As well as being sensitive for advanced pathology, FIT has been shown to increase participation in colon cancer screening by almost 10% compared with guaiac-based fecal occult blood test (2), due to only 1 sample being required and the lack of dietary restrictions in its use. A 2016 Scottish study (3) of patients' attitudes demonstrated that FIT was a more acceptable test to the patient than guaiac-based fecal occult blood test because it was easier to complete and “less disgusting.”
A prospective study by Chang et al. (4) analyzed results of more than 6,000 colonoscopies correlating with FIT between 2010 and 2014. Sensitivity for detection of sessile serrated polyps (SSPs) was 12.3%, 6.2%, and 6.2%, respectively at cutoff values of 10, 15, and 20 μg of Hb/g stool.

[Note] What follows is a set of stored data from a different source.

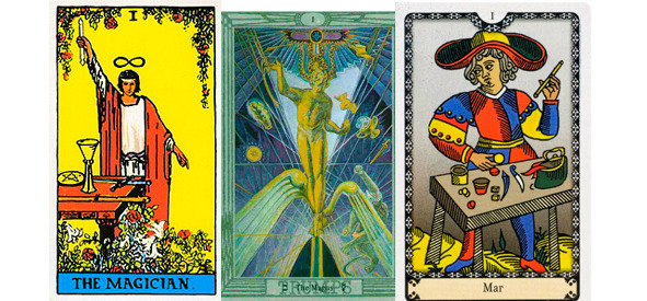Перед вами три варианты одной и той же карты, Аркана Маг, из трех разных колод.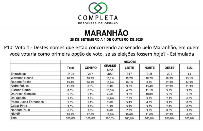 • Weverton Rocha lidera disputa pelo Senado no Maranhão com 20,2% das intenções de voto, aponta pesquisa estimulada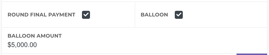 Balloon - For a loan with a "balloon" at the end of it. See Balloon Loans for more information.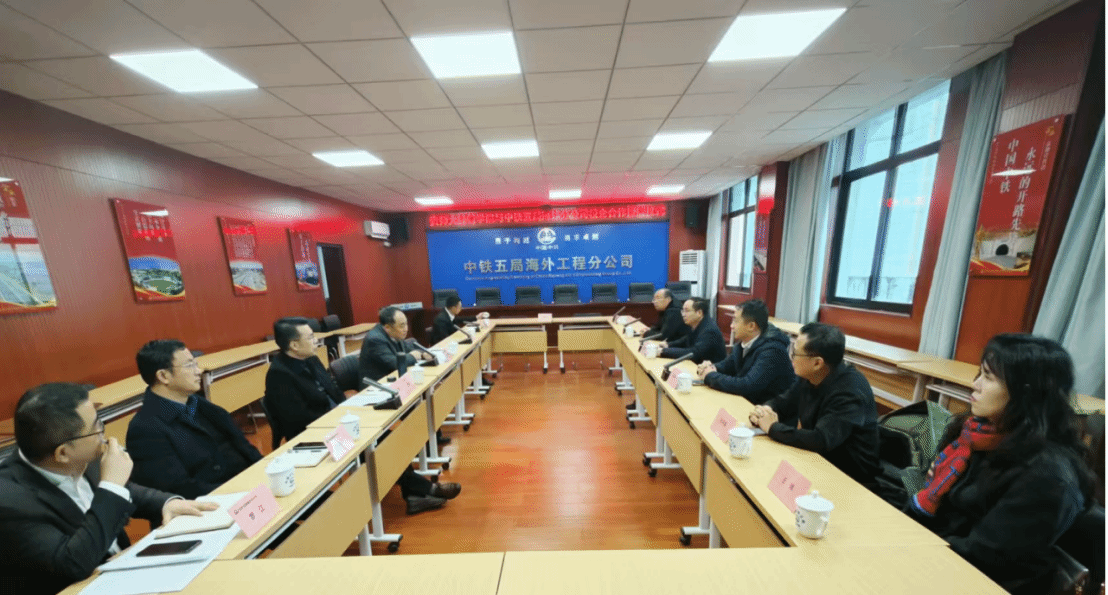 2025年1月15日上午,为深化校企合作与产教融合,公司与中铁五局集团有限公司海外工程分公司在海外工程分公司总部会议室联合举办了校企合作人才建设座谈会及签约授牌仪式。
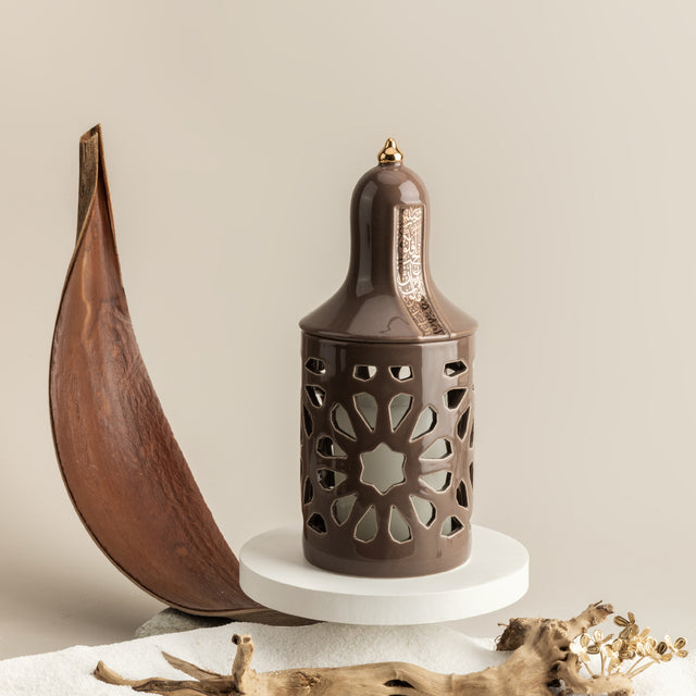 Luxury Noor - Medium Lantern Candle Holder - Brown & Gold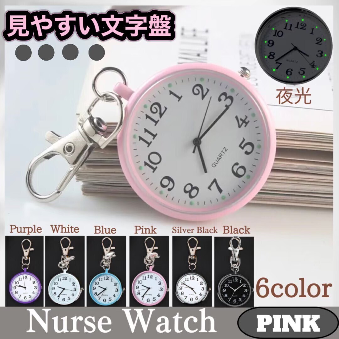 - ナースウォッチ 懐中時計 文字盤 カラビナ 蓄光 キーホルダー ピンク

Another study by the same group (4) showed that FIT levels in patients with a normal colonoscopy or small adenoma did not differ significantly from those with an SSP. Those with advanced/larger SSPs were less likely to have a positive FIT (odds ratio [OR] 0.44, 95% confidence interval [CI] 0.18–1.05), even if they had a concurrent conventional adenoma. There have been no subsequent publications to either validate or repudiate this finding. Most studies that have set out to establish the best threshold for FIT positivity have examined levels between 25 and 180 ngHb/mL (1,5,6). A 2014 post hoc analysis (7) of 2 blinded, multicenter prospective cross-sectional studies identified characteristics associated with a positive FIT. At a 100-ngHb/mL threshold, advanced neoplasia, pedunculated morphology, distal adenomas with high-grade dysplasia, and villous histology were all associated with a positive result.

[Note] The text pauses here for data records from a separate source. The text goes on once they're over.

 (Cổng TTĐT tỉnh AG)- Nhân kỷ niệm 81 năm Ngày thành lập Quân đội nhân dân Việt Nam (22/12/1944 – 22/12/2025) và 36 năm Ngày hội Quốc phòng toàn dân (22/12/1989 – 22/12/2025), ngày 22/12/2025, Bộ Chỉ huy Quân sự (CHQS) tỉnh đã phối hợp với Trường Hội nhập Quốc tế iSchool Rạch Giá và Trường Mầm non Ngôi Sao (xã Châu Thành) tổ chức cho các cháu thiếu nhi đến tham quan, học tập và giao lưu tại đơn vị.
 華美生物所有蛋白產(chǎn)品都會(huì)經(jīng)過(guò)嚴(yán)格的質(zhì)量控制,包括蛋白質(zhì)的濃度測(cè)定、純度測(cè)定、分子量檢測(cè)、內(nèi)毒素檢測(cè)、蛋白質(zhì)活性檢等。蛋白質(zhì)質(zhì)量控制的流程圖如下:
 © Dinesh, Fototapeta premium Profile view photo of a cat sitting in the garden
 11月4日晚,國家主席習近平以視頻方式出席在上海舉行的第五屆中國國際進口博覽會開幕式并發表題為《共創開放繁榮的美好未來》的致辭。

In early 2014, the Irish BowelScreen program changed its FIT threshold from 100 to 225 ngHb/mL because there were a significant number of false positives seen with the lower threshold and the lower FIT generated a requirement for more colonoscopies than the national service could provide in a timely manner. The overall FIT positive rate for the first round was 5%. Although a lower threshold is ideal, health service costs and the burden on facilities and services are important for a screening program to be successful. A 2011 study showed that switching the FIT cutoff from >50 to >200 ngHb/mL decreased test positivity significantly (84%–37%), but did not have a significant effect on the rate of detection of CRC (8). The same study also found that the positive predictive value of FIT increases with age by over 20% (9).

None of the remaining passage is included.